Sensory Analysis Used for the Selection of a Dairy Product with Brewer’s Yeasts from Different Samples

Adriana PAUCEAN, Dan VODNAR, Elena MUDURA, Mirela JIMBOREAN and Carmen SOCACIU    

Abstract: We used sensory analysis to select the optimum sample from 11 different samples obtained by inoculating 1.8% skimmed milk with complex mixtures of microorganisms containing lactobacilli, kefir yeast and brewer’s yeasts in different quantities. We used the following tests: the triangle test, the hedonic test, the score test, and the flavour profile test, for a panel-group made up of ten people without previous training as tasters, aged 13-55. Tasters were selected following a discussion which assessed their potential and availability. We took into account the provisions of SR 6345, regulating sensory analysis of milk and milk products. The sensory analysis was performed in two stages: during the first stage we aimed to optimize the quality and quantity of the inoculators, and during the second stage we described the end product.
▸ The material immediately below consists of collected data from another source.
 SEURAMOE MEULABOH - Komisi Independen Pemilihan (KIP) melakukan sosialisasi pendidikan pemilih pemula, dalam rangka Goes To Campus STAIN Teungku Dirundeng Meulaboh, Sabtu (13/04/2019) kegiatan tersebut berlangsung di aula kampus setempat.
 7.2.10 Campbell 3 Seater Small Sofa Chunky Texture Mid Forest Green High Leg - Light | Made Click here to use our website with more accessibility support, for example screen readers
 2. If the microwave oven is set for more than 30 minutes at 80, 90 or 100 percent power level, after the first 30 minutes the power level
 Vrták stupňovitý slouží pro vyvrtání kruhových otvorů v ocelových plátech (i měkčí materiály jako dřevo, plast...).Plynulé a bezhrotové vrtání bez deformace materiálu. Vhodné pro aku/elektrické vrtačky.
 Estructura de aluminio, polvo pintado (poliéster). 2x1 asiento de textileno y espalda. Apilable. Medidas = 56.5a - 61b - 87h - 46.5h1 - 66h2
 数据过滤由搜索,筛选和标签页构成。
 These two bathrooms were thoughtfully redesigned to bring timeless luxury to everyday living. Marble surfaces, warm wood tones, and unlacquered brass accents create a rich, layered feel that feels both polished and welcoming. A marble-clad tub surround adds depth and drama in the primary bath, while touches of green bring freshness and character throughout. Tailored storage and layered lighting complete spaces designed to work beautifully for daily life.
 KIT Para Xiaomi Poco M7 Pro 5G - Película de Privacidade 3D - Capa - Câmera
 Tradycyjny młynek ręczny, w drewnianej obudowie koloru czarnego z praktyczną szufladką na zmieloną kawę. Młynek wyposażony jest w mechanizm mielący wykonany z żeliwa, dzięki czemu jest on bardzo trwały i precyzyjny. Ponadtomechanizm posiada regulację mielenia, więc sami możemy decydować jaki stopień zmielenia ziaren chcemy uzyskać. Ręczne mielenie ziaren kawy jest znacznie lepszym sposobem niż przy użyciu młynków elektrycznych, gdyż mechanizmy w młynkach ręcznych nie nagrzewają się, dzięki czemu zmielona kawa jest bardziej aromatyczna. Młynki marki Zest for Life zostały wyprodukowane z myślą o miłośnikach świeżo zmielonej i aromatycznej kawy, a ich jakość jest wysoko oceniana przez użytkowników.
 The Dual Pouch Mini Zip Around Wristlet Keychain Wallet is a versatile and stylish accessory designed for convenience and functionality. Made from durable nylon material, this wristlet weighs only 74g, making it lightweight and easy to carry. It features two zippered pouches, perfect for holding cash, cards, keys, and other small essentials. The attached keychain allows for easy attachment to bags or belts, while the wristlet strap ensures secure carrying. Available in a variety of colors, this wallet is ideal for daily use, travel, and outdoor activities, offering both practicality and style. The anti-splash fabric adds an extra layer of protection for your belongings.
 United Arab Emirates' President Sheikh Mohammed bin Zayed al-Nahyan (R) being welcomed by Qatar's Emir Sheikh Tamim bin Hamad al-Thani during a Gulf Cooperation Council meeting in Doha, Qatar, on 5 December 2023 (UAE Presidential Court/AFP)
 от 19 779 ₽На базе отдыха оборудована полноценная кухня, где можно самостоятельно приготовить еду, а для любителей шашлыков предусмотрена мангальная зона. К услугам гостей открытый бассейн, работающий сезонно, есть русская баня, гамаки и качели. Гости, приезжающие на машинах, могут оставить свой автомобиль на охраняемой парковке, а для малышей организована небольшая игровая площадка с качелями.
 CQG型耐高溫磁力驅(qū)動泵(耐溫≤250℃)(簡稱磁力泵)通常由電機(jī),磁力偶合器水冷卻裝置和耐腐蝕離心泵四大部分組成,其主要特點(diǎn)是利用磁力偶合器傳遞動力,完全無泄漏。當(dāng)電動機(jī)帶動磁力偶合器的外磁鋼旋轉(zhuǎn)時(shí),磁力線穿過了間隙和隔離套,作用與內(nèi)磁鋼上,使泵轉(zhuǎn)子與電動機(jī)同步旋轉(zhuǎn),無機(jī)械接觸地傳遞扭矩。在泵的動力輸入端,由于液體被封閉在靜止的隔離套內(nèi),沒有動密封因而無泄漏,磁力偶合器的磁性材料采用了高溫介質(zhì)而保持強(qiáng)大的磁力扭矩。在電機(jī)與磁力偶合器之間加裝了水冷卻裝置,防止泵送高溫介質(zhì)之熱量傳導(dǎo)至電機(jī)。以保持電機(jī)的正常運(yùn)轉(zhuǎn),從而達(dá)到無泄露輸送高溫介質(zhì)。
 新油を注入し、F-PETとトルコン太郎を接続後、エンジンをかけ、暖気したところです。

The analysis was performed during the shelf-life of product (1-21 days) stored at 4-6°C. The triangle test showed that there are significant differences in taste between the brewer’s yeast product and the control sample (yeast free). The hedonic test showed that the acceptability of the product is at its peak during the first seven days of the shelf life, at a temperature of 4-6°C, and then decreases slowly until the expiry date. We used statistical analysis to pick the sample with the best acceptability throughout the shelf life. The score test showed that the product obtained after the optimization process has specific positive, well-developed organoleptic features, and no noticeable flaws. The flavour profile test identified the main taste and odour markers of the product and their degrees of intensity; the taste and odour of yeast was considered moderate until the expiry date. Sensory analysis confirmed the choice of this insemination method as the best from the point of view of sensory properties.